Information shown:
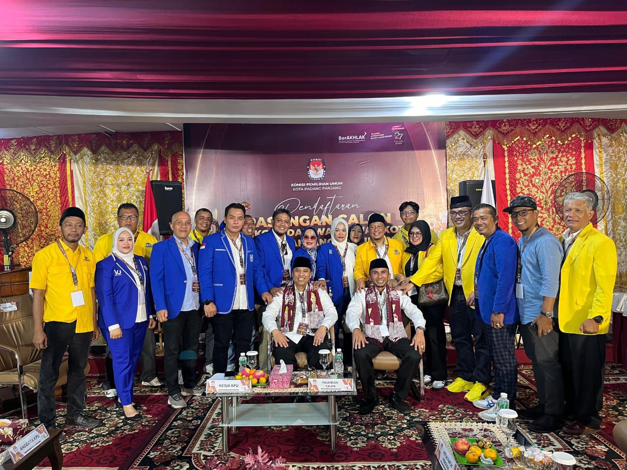 PADANG PANJANG, HARIANHALUAN.ID —Pasangan Hendri Arnis-Allex Saputra yang diusung koalisi Partai Golkar dan Partai Amanat Nasional (PAN), mendaftar ke KPU Kota Padang Panjang, Kamis (29/8/2024).
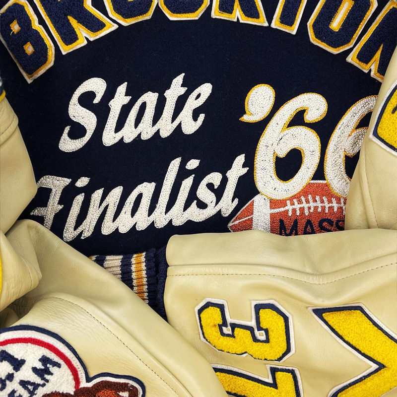Blousons bombardiers brodés avec logo personnalisé OEM Blouson rétro de baseball Letterman à manches en cuir pour hommes
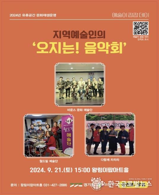 (한국글로벌뉴스 - 박소연 기자) 의왕시는 오는 9월 21일 오후 3시 왕림이팝아트홀에서 ‘예술이 팝팝 데이’ 시즌2 사업의 일환으로 ‘오지는! 음악회’를 선보인다.
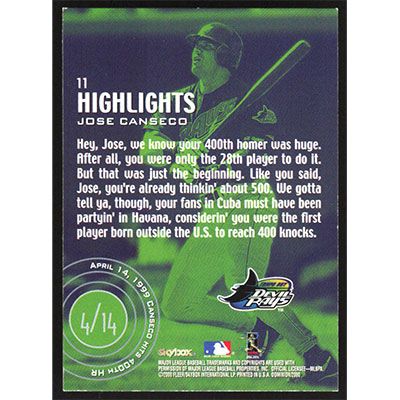 This is a 2000 SkyBox Dominion Jose Canseco Highlights baseball card. The card is #11 and pictures show condition.
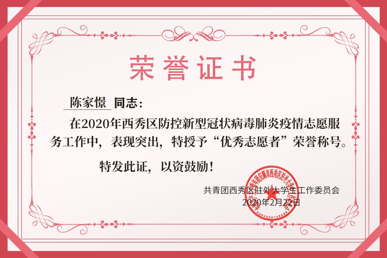 陈家憬,女,共青团员,经济与管理学院2018级旅游管理专业3班学生。2020年2月16日至24日,她参加了安顺市西秀区防控新型冠状病毒肺炎疫情志愿者工作,她主要是帮助社区工作人员张贴宣传资料,在卡点登记小区进出人员的信息,同时,为人们宣传疫情防控知识,提醒大家注意加强自我防护等。她在志愿服务期间,对工作认真负责,有耐心,并得到了领导和当地居民的肯定,获得了2020年西秀区防控新型冠状病毒肺炎疫情志愿服务“优秀志愿者”荣誉称号。
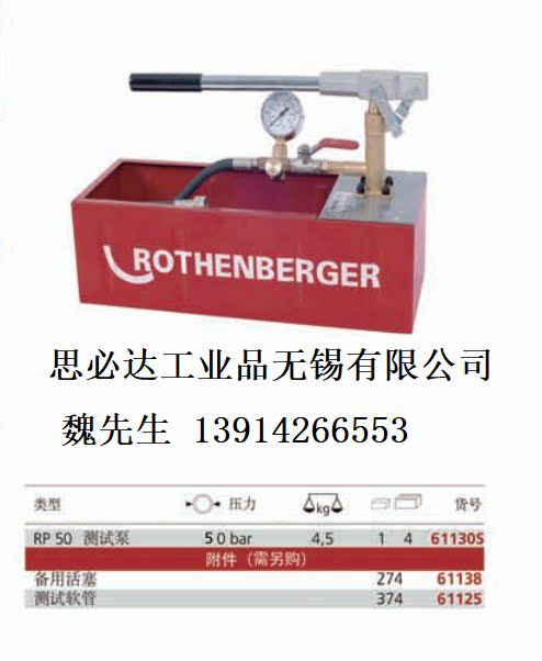 German Rosenborg test pump ROTHENBERGER test pump water tank pump 61130 Manual stainless steel
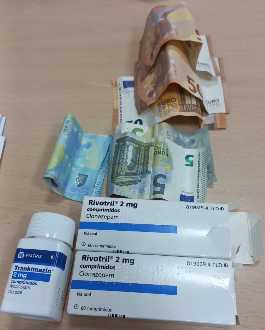 Al hombre le fueron encontradas en un bolsillo de la chaqueta tres pastillas de Tranquimazim, por lo que fue propuesto para sanción administrativa, mientras que dentro del coche y en el asiento del copiloto había dos cajas de Rivotril, por lo que ante las sospechas de que pudiese portar más sustancias fue solicitada la presencia de una agente para realizarle un cacheo, localizando en varias partes de su cuerpo más pastillas y 180 euros en metálico.

Task description: Start with the line with "Blousons bombardiers brodés" in the listing above and stop after the line with "German Rosenborg test". Write out exactly the lines in that stretch and no others, without pictures.

Task solution:
Blousons bombardiers brodés avec logo personnalisé OEM Blouson rétro de baseball Letterman à manches en cuir pour hommes
 (한국글로벌뉴스 - 박소연 기자) 의왕시는 오는 9월 21일 오후 3시 왕림이팝아트홀에서 ‘예술이 팝팝 데이’ 시즌2 사업의 일환으로 ‘오지는! 음악회’를 선보인다.
 This is a 2000 SkyBox Dominion Jose Canseco Highlights baseball card. The card is #11 and pictures show condition.
 陈家憬,女,共青团员,经济与管理学院2018级旅游管理专业3班学生。2020年2月16日至24日,她参加了安顺市西秀区防控新型冠状病毒肺炎疫情志愿者工作,她主要是帮助社区工作人员张贴宣传资料,在卡点登记小区进出人员的信息,同时,为人们宣传疫情防控知识,提醒大家注意加强自我防护等。她在志愿服务期间,对工作认真负责,有耐心,并得到了领导和当地居民的肯定,获得了2020年西秀区防控新型冠状病毒肺炎疫情志愿服务“优秀志愿者”荣誉称号。
 German Rosenborg test pump ROTHENBERGER test pump water tank pump 61130 Manual stainless steel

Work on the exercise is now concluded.